While the Pound New Zealand Dollar exchange rate saw a modest uptick in the wake of the 2017 Budget announcement this boost soon faded.
The mood towards Sterling soured in response to the discouraging nature of the Office for Budget Responsibility’s (OBR) downwards revisions to its economic forecasts.
With general growth and wage increases set to remain sluggish over the forecast horizon this painted a rather bearish picture of the domestic outlook, encouraging investors to sell out of the Pound.
Although there was no change in the second estimate of the headline third quarter UK gross domestic product the underlying details of the report were not overly positive in nature.
Most signs seem to point towards the UK continuing to experience weaker growth in the coming months, even as the global economy picks up.
Even though the Conservative cabinet appears a little less divided in the wake of Chancellor Philip Hammond’s Budget this is unlikely to diminish the sense of political risk for long.
As UK data will be a little thinner on the ground in the coming week this could leave the Pound New Zealand Dollar exchange rate vulnerable to downside pressure.
Wednesday’s consumer credit and mortgage approvals figures may offer Sterling a rallying point, though, if the data points towards resilient domestic confidence.

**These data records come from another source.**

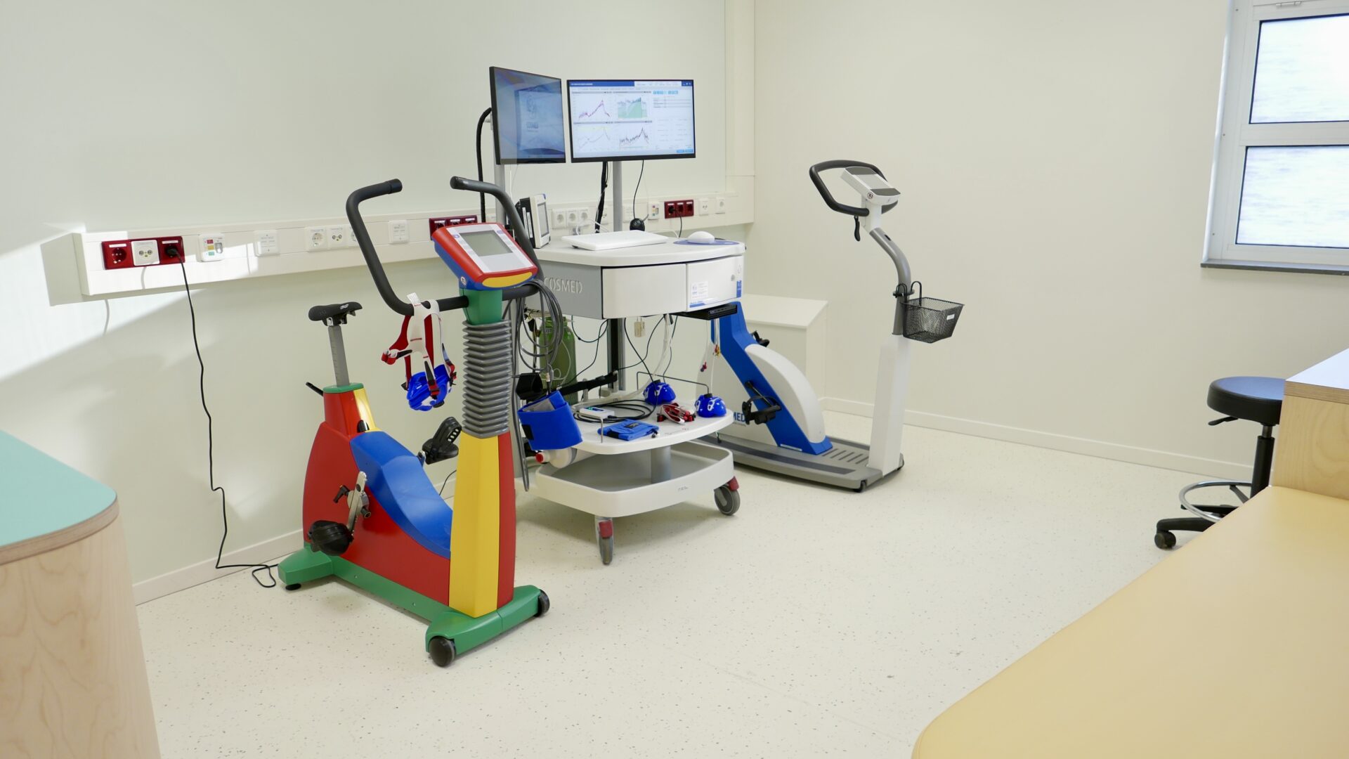 Als je het nieuwe centrum binnenloopt, heb je niet meer het gevoel dat je in het ziekenhuis bent. De ruimte heeft lichte, frisse, kleurige muren en doet meer denken aan een binnenspeeltuin. In speciale testkamers staan fietsen voor de fietstest, waarbij het hart goed in de gaten wordt gehouden. Jongere kinderen doen hun test op de loopband ernaast. ‘Maar ook de kinderen die opgenomen zijn, kunnen hier in het weekend onder begeleiding naartoe om te bewegen en te spelen’, geeft Hanekamp enthousiast aan.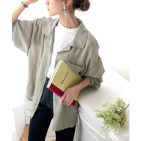 《JaVaジャバ コラボ》シアーでこなれ感。メンズライク開襟シアーブラウス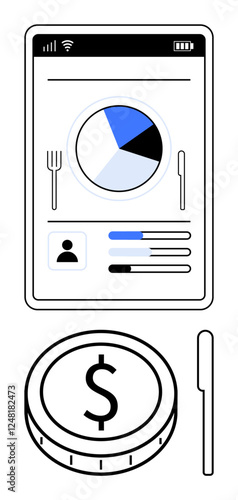 Smartphone interface displaying pie chart, utensils, and user metrics, paired with a dollar coin icon and fork. Ideal for finance, budgeting, diet tracking, nutrition, apps user insights abstract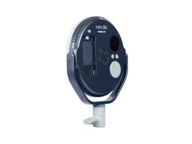 Rundes, flaches Kunststoffgehäuse mit 16,7 cm Durchmesser, mit Aufnahmefach für einen NP-F-Akku bzw. die optionale Powerbank-Halterung.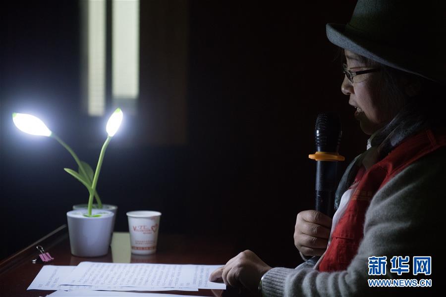 65岁的桐庐老人吴素环是一名无障碍电影解说志愿者,自2015年起已为当地视力障碍者解说了四部电影,每部电影上万字的解说词都由她自己写成,从最初的手写到用电脑写稿,她依然保持着“首映”前看二三十遍电影、一遍遍修改解说稿的习惯。 放映厅里光芒四射的吴素环其实是一名进行性肌萎缩症患者,生活全靠相濡以沫四十载的老伴照料。很长一段时间里,她深陷于自卑和绝望,只能靠写诗和随笔排解情绪。 2015年,桐庐一个公益组织发现并开始帮扶这位老人。半年后,吴素环在他们的鼓励下成为了当地第一位无障碍电影解说人。 “感觉被人需要真的很好,从孤立的个体变成了互帮互助的群体,我希望能帮助更多的残障人士像我一样重拾对生活的热情。”吴素环说。 新华社记者翁忻旸摄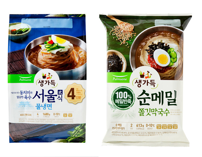 풀무원식품(대표 박남주)은 생가득 ‘서울식 물냉면’(4인/7,400원)과 생가득 ‘순메밀 쫄깃막국수’(2인/6,200원)를 출시했다고 16일 밝혔다.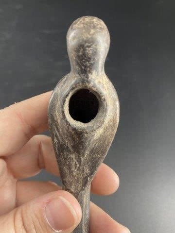 Crow Effigy Pottery Pipe broken & glued Indian Artifact Arrowhead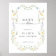 Un Panneau de Bienvenue Bébé en Fleur pour Baby Shower avec un beau cadre floral aquarelle associé à un script et une police classique. Parfait pour une Baby Shower de printemps ou d'été.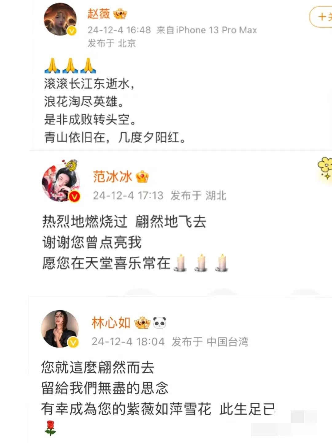 知名作家琼瑶在台北家中离世,消息一传出震惊了娱乐圈,随后众多明星都在微博上发文表示悼念。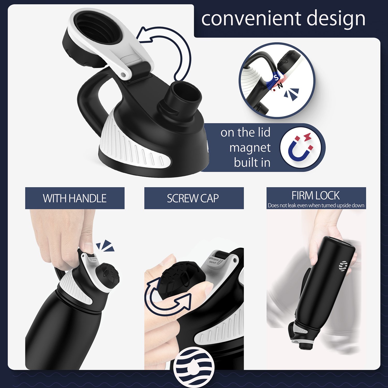 2.Smart Design of the lids - Ergonomic design of the lids makes it flow smoothly. Magnetic force lids will not fall back when drinking water.
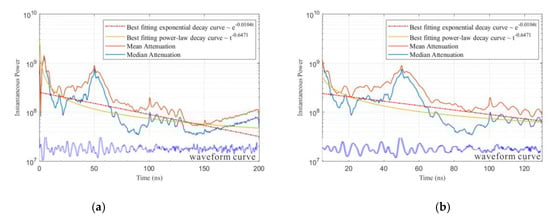 In order to more accurately determine the location of the interface, we performed waveform view and attenuation attributes analysis (Figure 7) on the data. In Figure 7, the attenuation attributes of the GPR signal are calculated. That represents the instantaneous power of electromagnetic waves over time in different media [20]. Mean and median attenuation respectively represent two calculation methods. In the calculation process, they use the mean and median instantaneous amplitude of all traces. The mean is the arithmetic average of a set of numbers, or distribution. It is the most commonly used measure of central tendency of a set of numbers. The median is described as the numeric value separating the higher half of a sample, a population, or a probability distribution, from the lower half. Two statistical algorithms can be used to avoid the incompleteness of any one algorithm, making the results more credible. This also determines best fitting models for power-law and exponential attenuation based on the median attenuation data. Among the four physical layers, the attenuation of electromagnetic waves also exhibits differences due to various values in dielectric constant, density, and water content. At time in 20 ns, 50 ns, and 100 ns, there is a significant inflection point in the instantaneous power.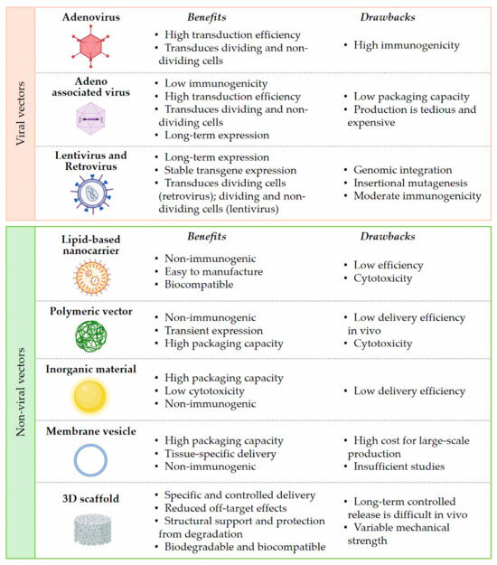 Viral and non-viral vectors for miRNA delivery. The figure shows the main advantages and disadvantages of viral and non-viral vectors used for miRNA delivery: adenoviruses, adeno-associated viruses, lentiviruses, and retroviruses (viral vectors); lipid-based nanocarriers, polymeric vectors, inorganic materials, membrane vesicles, and 3D scaffolds (non-viral vectors). Figure adapted from Dasgupta et al. Methods and Protocols, 2021 [64].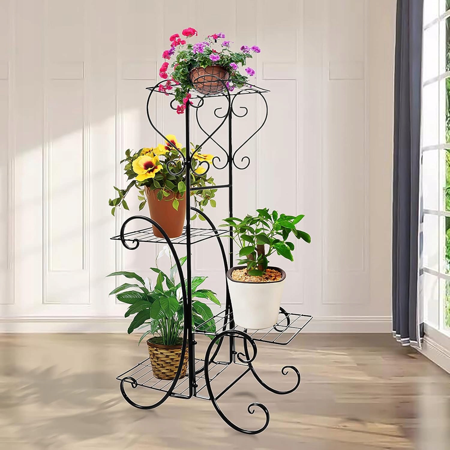 Atraskite puikų būdą eksponuoti savo mėgstamas gėles ir augalus su šiuo moderniu, juodos spalvos metaliniu gėlių stoveliu. Sukurtas lofto stiliaus interjerams, šis keturių lentynų stovas ne tik suteikia praktišką sprendimą augalų išdėstymui, bet ir tampa išskirtiniu dekoro elementu, kuris džiugins akį. Jo tvirta konstrukcija užtikrina stabilumą ir ilgaamžiškumą, leisdama jums sukurti unikalias augalų kompozicijas.
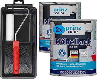 prinzcolor Premium Möbellack Weisslack Türenlack Holzlack Lackierset Weiß - Seidenglänzend 1,5l - Lackierset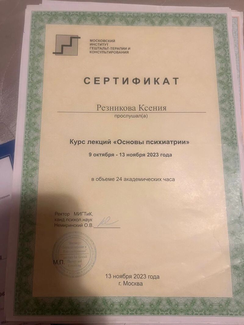 - Московский институт гештальт-терапии и консультирования, курс лекций «Основы психиатрии», 2023 г.

Disappointing NZ Trade Data May Reverse New Zealand Dollar Gains
The third quarter New Zealand retail sales data showed a more limited loss of momentum than anticipated, offering some degree of support to the ‘Kiwi’.

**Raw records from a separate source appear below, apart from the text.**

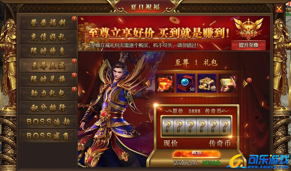 活动内容:活动期间满足至尊等级条件可消耗传奇币购买各种砍价礼包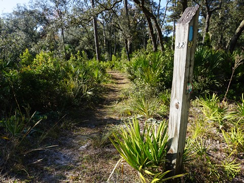Starting from the Sand Lake Trailhead, we biked a loop going west, then south, and return (partly on the paved park road). Given that (1) our most comfortable biking is on paved bike trails and (2) we don't have mountain bikes, this trip might better be called "bike-hike" since we walked several sections due to sand or other obstacles - but that's just us, in most places those with mountain bikes will fare better. We enjoyed the walking, though, better to enjoy the tranquil surroundings. The trails overlap, so at times we were on shared hiking and/or equestrian trails. On a clear, dry and cool day in December, we saw no horses and few walkers, but many bikers! Note: Weather can affect trail conditions, sections can be muddy or even flooded. (The park trail map can help visualize our route - from Sand Lake Trailhead, past markers #32, 31, 30, 29, 10, 9, 8, 7, then back on the park road to return to trailhead.).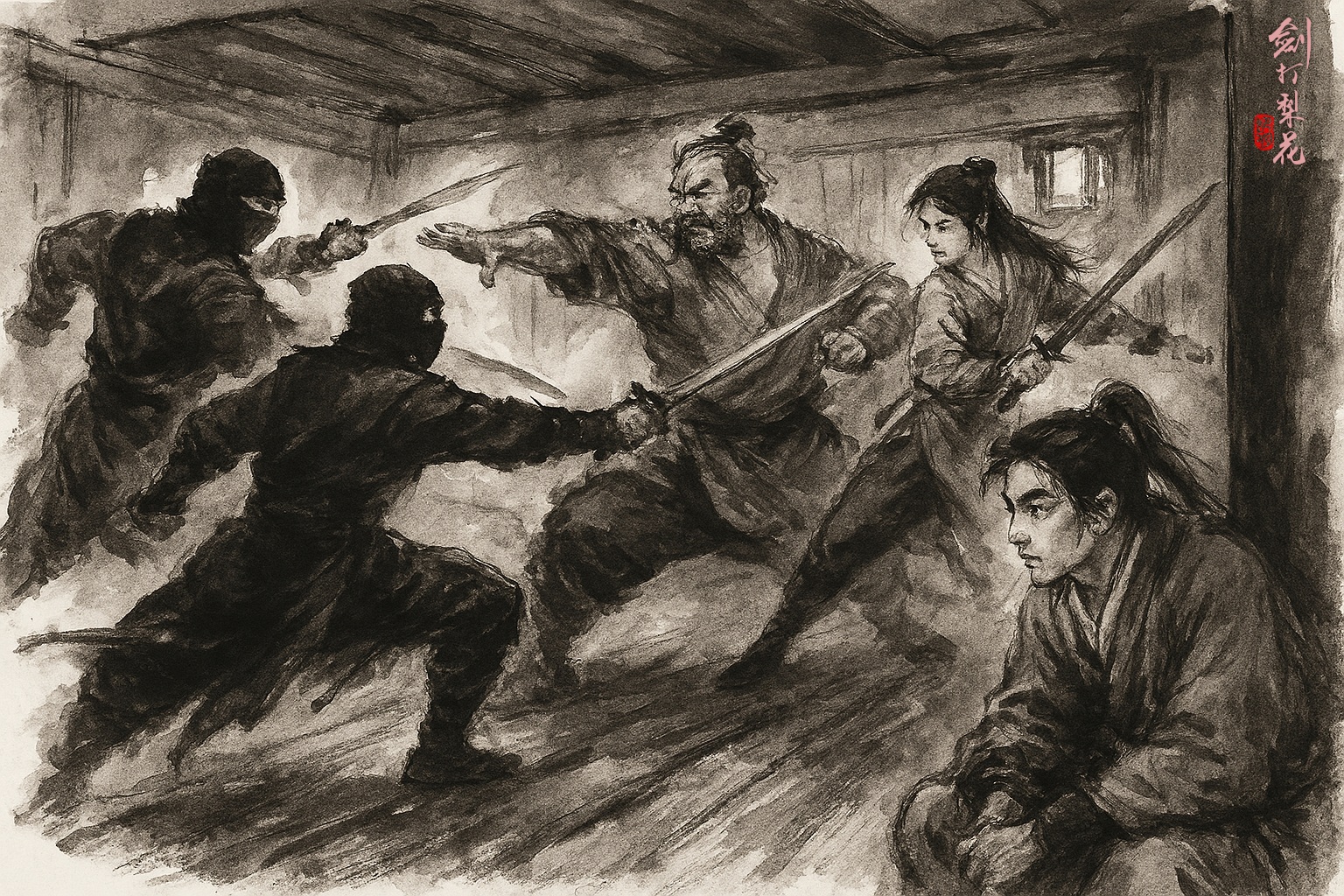 話音剛落,突然聽見有人陰陽怪氣地笑道:「太遲了,我們已經來了!」然後「咣當」一聲巨響,頭上樓瓦爆裂碎開,兩個黑衣蒙面的男子,手持單刀,落了下來。原來這兩名殺手早就到了,只是礙於船上戒備森嚴,遲遲不敢動手,難得等到顧三娘上船一攪,把巡邏的人都引到一邊去,他們便立刻乘虛而入。

This suggests that consumers still hold some sense of optimism, unaffected by recent signs of weakness within the wider economy.
A bearish US Dollar also helped to bolster NZD exchange rates ahead of the weekend, with demand for the safe-haven currency limited over the Thanksgiving break.
However, demand for the New Zealand Dollar may weaken overnight if October’s raft of trade data fails to show a solid improvement on the month.
As analysts at ANZ noted:
‘There are a number of moving parts this month, such as the lower NZD, elevated commodity prices (although dairy prices started to slip during the month) and the impact of the wet weather delaying the start of early-season volumes for the likes of livestock and horticulture sectors. It makes for a bit of a confused picture.
‘On the imports side, it is the same in many ways. The recent trend has been decent, although we wonder whether with uncertainty around the election, together with the potential for housing weakness to spill into bigger-ticket consumer goods (cars especially) that the trend might begin to soften.’
If the trade deficit fails to narrow this could offer the GBP NZD exchange rate a rallying point, underlining persistent market worries over the outlook of the New Zealand economy.
Current GBP NZD Interbank Exchange Rates
At the time of writing, the Pound New Zealand Dollar exchange rate was slumped in the region of 1.9287. Meanwhile, the New Zealand Dollar Pound exchange rate was trending higher around 0.5180.